An online system is one that must always be on, available and generally connected to a computer network and depends on the ability of the hardware to handle service requests and is never in sync with the real world or has restrictions temporary. In addition to this, an offline system is one that is not always available to receive and send information and that depends on a previously established database to execute its mission. Examples of online systems include Internet applications such as web browsers or data acquisition through a specialized card in a time-sharing environment such as Windows.

Examples

The STR concept is not restricted to digital or computer systems, since it can be extended to the living world: humans, animals and plants. As an example, consider a fertile seed, which somehow reaches the earth (either by action of the wind, through the waste of some animal at the end of its digestion, etc.).
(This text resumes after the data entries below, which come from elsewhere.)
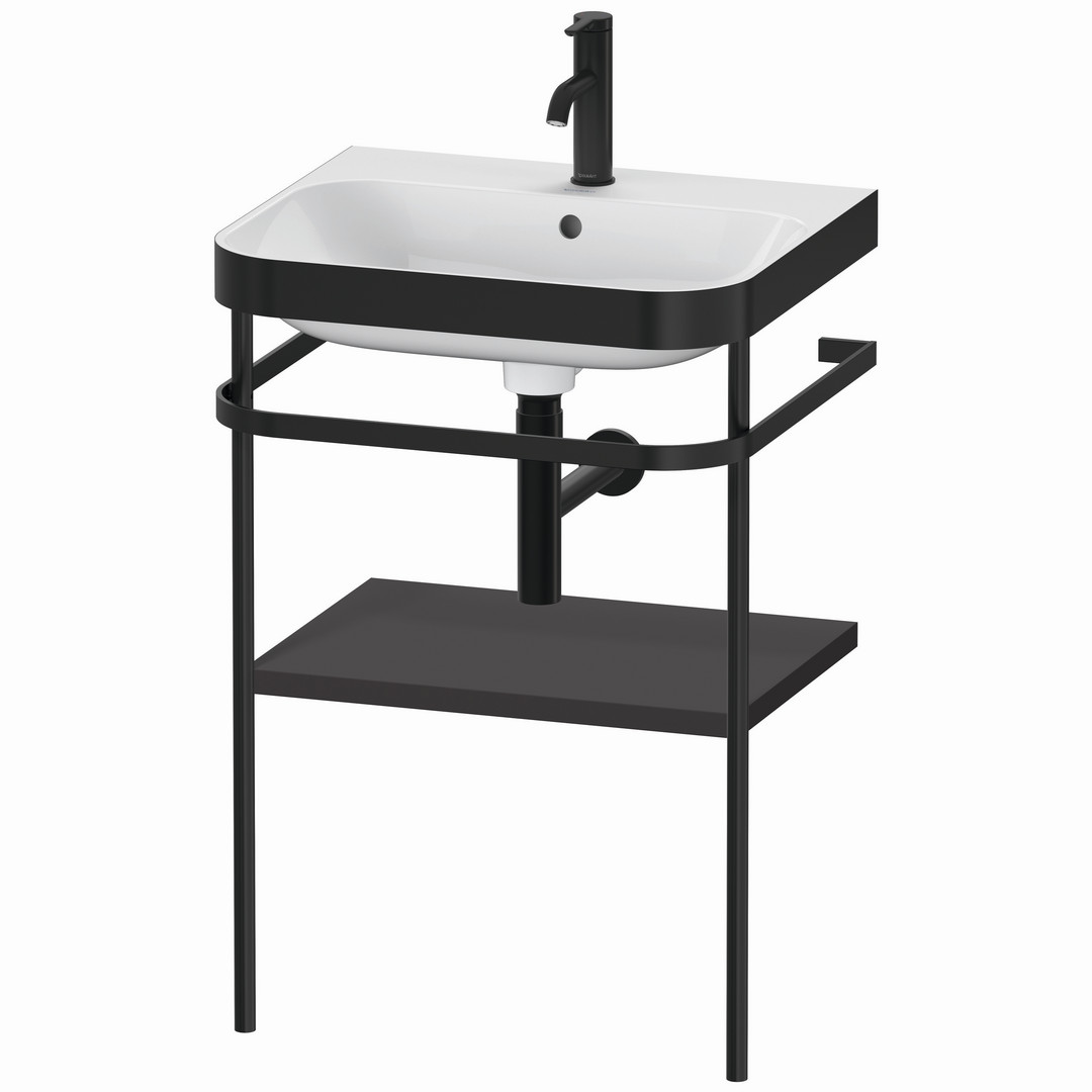 Duravit Möbelwaschtisch-Kombination Happy D.2 Plus 57,5 x 49 cm, 1 Hahnloch, graphit supermatt, mit Metallkonsole
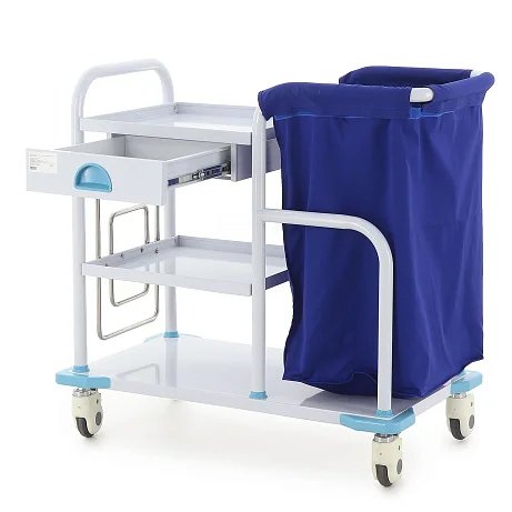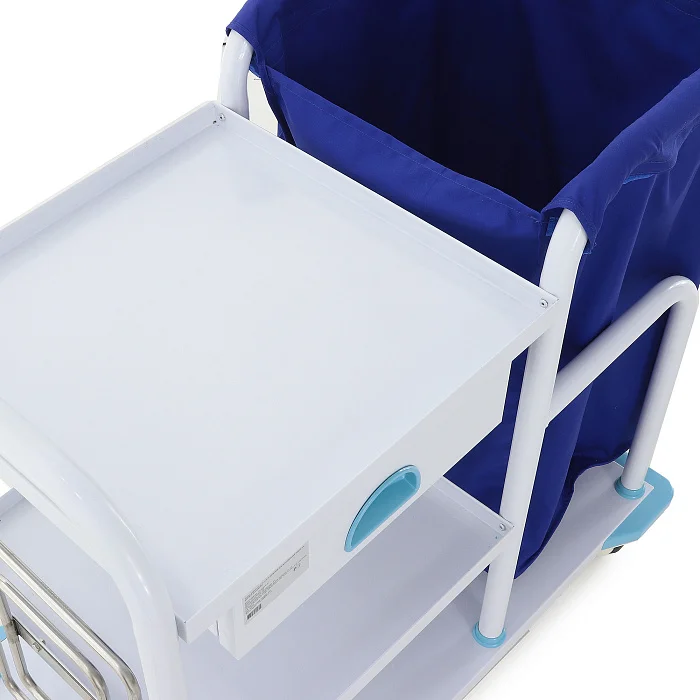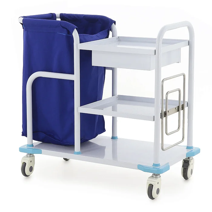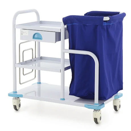 Медицинская тележка МСТ05 TM-019AH-00 — практичное решение для отделений, где важно быстро и аккуратно перевозить бельё, одежду и необходимые принадлежности. Модель оснащена тремя удобными уровнями хранения, выдвижным ящиком и вместительным мешком на 120 литров, что делает её особенно полезной в ежедневной работе персонала. Прочная стальная конструкция с износостойким покрытием легко переносит интенсивную эксплуатацию, а манёвренные колёса с тормозами обеспечивают удобное перемещение и устойчивость.
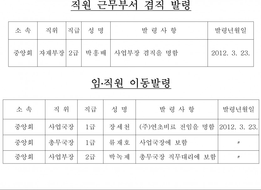 임직원 이동 발령 및 직원 근무부서 겸직 발령 > 공지사항
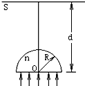 3、简答题 一束截面为圆形(半径为R)的平行单色光正面射向一玻璃半球的平面,如图所示,经折射后在屏S上形成一圆形光斑.已知入射光的波长为λ、功率为P,玻璃半球的半径为R,折射率为n,屏S?到球心O的距离为d(d>3R). (1)从O点射入玻璃砖的光线要多长时间能到达屏S? (2)光从圆弧面上什么范围射出? (3)屏S上光斑的半径为多大?
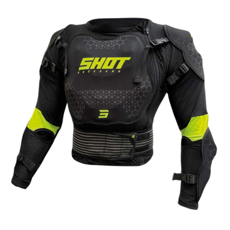 Peto SHOT Optimal Kid 2.0 negro / amarillo neón. Peto integral de niño conformado por protecciones ded termoplastico inyectado en la espalda, pecho, codos y hombros.
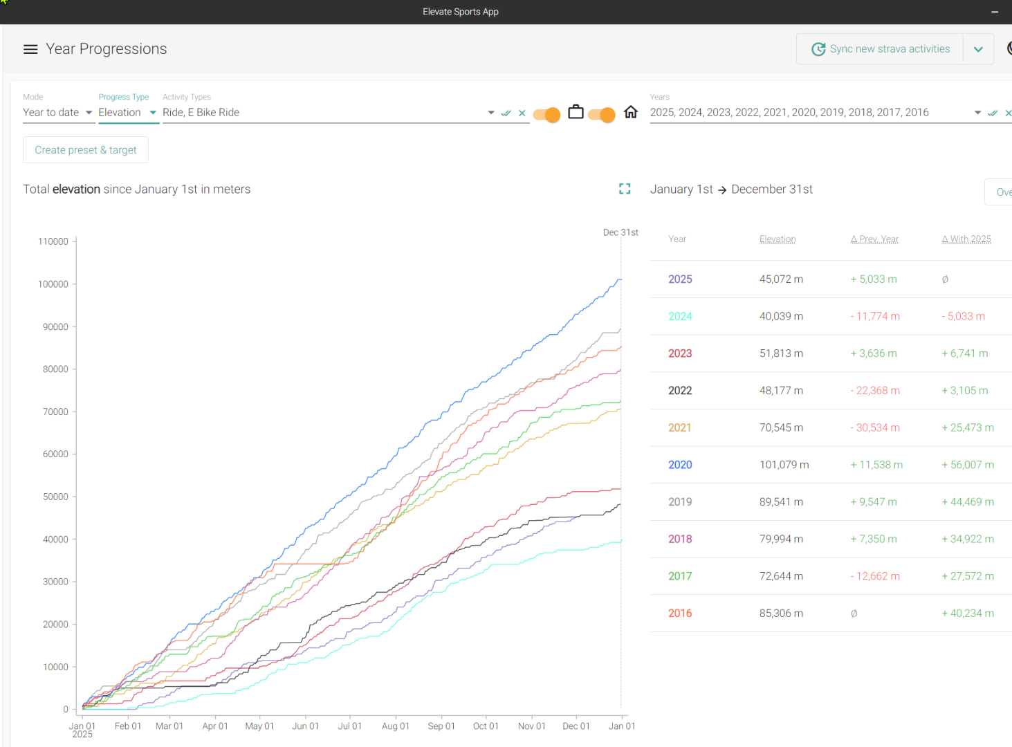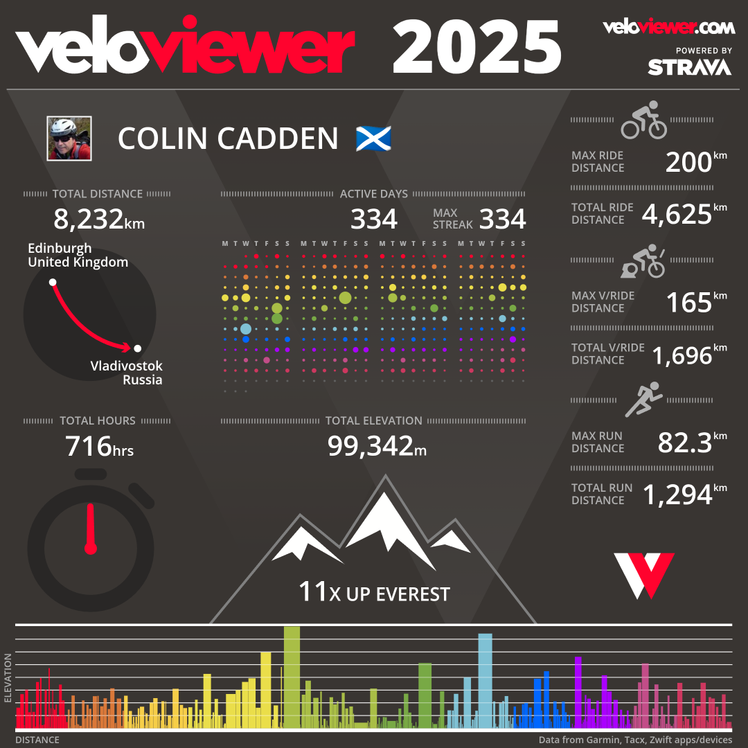 It's December 3rd and I've already exceeded my distance and elevation for December 2024, so monitoring stats has some value.... but the RidewithGPS app on my phone has been occasionally dropping out mid-ride since an Android update in the summer. I'm quite impressed by those Strava-derived visualisations posted above so I might hold my nose and start using that in 2026.
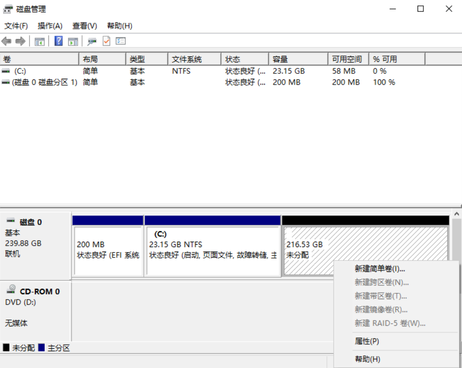 (1)在磁盘上选择未分配的空间,然后从功能列表中点击创建。
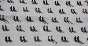 Vahit Tuna ha appeso alle pareti di un edificio le scarpe per simboleggiare la morte delle donne in Turchia nel 2018 a causa della violenza domestica. Il lavoro fa parte di Yankose, piattaforma artistica no profit avviata nel 2017 da Kahve Dunyasi, una catena di caffè turca.
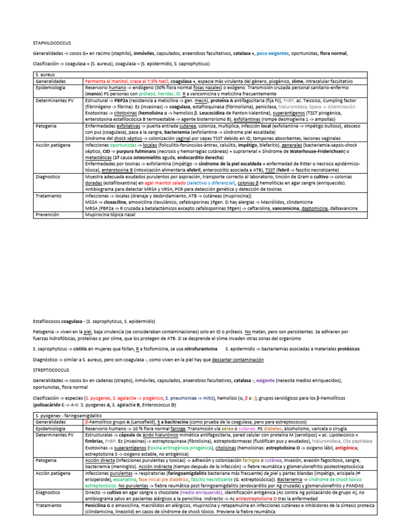 D Flora normal colon, transmisión por fómites, diagnóstico directo (= S. pyogenes), medios selectivo-diferenciales. Antibiograma
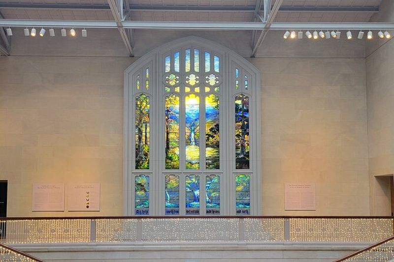 Réalisés en 1977, les vitraux de Marc Chagall, intitulés « Les Quatre Saisons », sont installés à l’extérieur du musée, dans la cour de l’Art Institute. Inspirée par sa vision poétique, cette œuvre monumentale se compose de panneaux en verre coloré, représentant la vie et la nature. Les nuances lumineuses et l’atmosphère onirique évoquent l’univers d’un artiste franco-russe qui cherchait à transmettre l’espoir et la beauté à travers son art.
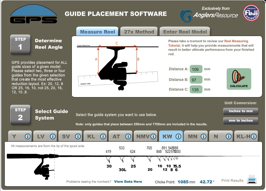 RH und Rolle auf den Blank, die Spule der Rolle abschrauben und ein Stück Schnur oder einen Zollstock als verlängerung der Achse anlegen.

It can be ensured that the seed germination process is a real-time system in the environment and in the circumstances in which it develops, since environmental stimuli (constant appropriate humidity, constant adequate temperature, necessary light, etc.) the system (the seed) responds within its specific time constraints. If the seed were only a fast system (and not Real Time), as soon as it touched the ground it would begin its germination process, regardless of the scarcity of nutrients in the soil or water or the season of the year, so the behavior of the seed would not correspond to what is happening in the environment, that is, the time interval in which the response of the system (seed) occurs would not be very important, but in reality it would cause it to die quickly due to the lack of its adaptability, when trying to consume nutrients more than it can assimilate or that are available to be absorbed by the plant root.